Once you reach the line that holds "Все 6 тысяч" in the listing below, output it and every line after it through the line that holds "ଆଇଟିଆଇ ପକ୍ଷରୁ ନିର୍ମାଣ", word for word.

» LISTED ENTRIES:
_ _ _ _ _ _ _

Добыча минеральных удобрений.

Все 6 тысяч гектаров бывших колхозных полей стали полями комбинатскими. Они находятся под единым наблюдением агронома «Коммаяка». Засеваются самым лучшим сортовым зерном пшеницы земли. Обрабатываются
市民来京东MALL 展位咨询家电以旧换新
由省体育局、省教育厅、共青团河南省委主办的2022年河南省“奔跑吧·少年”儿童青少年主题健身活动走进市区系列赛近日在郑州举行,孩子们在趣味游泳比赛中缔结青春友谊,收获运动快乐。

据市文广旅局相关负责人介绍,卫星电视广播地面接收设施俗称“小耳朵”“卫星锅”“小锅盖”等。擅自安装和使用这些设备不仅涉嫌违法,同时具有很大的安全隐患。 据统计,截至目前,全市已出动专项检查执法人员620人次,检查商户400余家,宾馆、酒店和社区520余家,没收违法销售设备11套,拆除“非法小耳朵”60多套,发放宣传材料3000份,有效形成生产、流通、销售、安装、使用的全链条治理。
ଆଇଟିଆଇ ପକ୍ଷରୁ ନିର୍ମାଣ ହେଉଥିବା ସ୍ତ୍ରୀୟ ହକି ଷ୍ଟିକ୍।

_ _ _ _ _ _ _

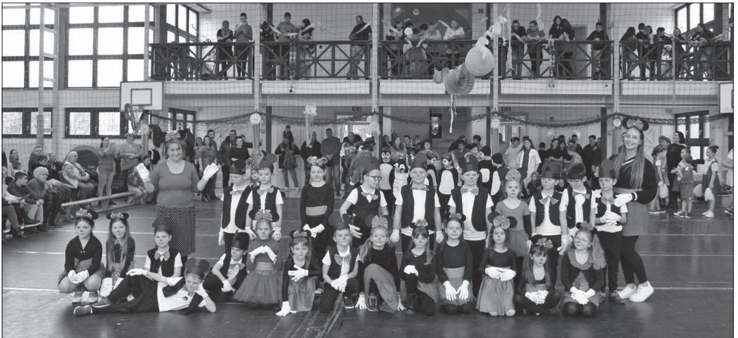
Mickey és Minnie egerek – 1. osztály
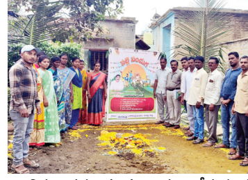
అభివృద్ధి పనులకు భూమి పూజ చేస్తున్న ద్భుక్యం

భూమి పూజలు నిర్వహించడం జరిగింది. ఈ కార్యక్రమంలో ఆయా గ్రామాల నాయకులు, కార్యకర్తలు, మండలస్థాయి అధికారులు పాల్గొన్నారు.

_ _ _ _ _ _ _

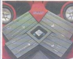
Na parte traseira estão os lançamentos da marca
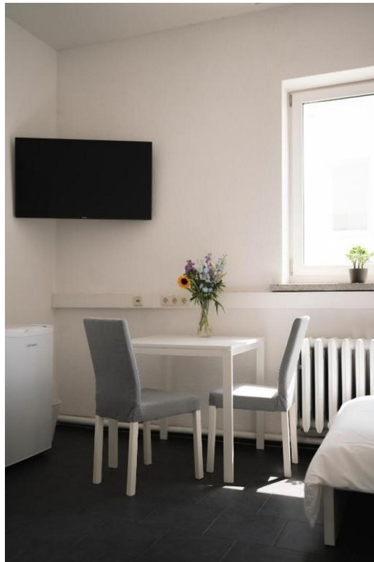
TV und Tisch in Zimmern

_ _ _ _ _ _ _

» YOUR SOLUTION:
Все 6 тысяч гектаров бывших колхозных полей стали полями комбинатскими. Они находятся под единым наблюдением агронома «Коммаяка». Засеваются самым лучшим сортовым зерном пшеницы земли. Обрабатываются
市民来京东MALL 展位咨询家电以旧换新
由省体育局、省教育厅、共青团河南省委主办的2022年河南省“奔跑吧·少年”儿童青少年主题健身活动走进市区系列赛近日在郑州举行,孩子们在趣味游泳比赛中缔结青春友谊,收获运动快乐。

据市文广旅局相关负责人介绍,卫星电视广播地面接收设施俗称“小耳朵”“卫星锅”“小锅盖”等。擅自安装和使用这些设备不仅涉嫌违法,同时具有很大的安全隐患。 据统计,截至目前,全市已出动专项检查执法人员620人次,检查商户400余家,宾馆、酒店和社区520余家,没收违法销售设备11套,拆除“非法小耳朵”60多套,发放宣传材料3000份,有效形成生产、流通、销售、安装、使用的全链条治理。
ଆଇଟିଆଇ ପକ୍ଷରୁ ନିର୍ମାଣ ହେଉଥିବା ସ୍ତ୍ରୀୟ ହକି ଷ୍ଟିକ୍।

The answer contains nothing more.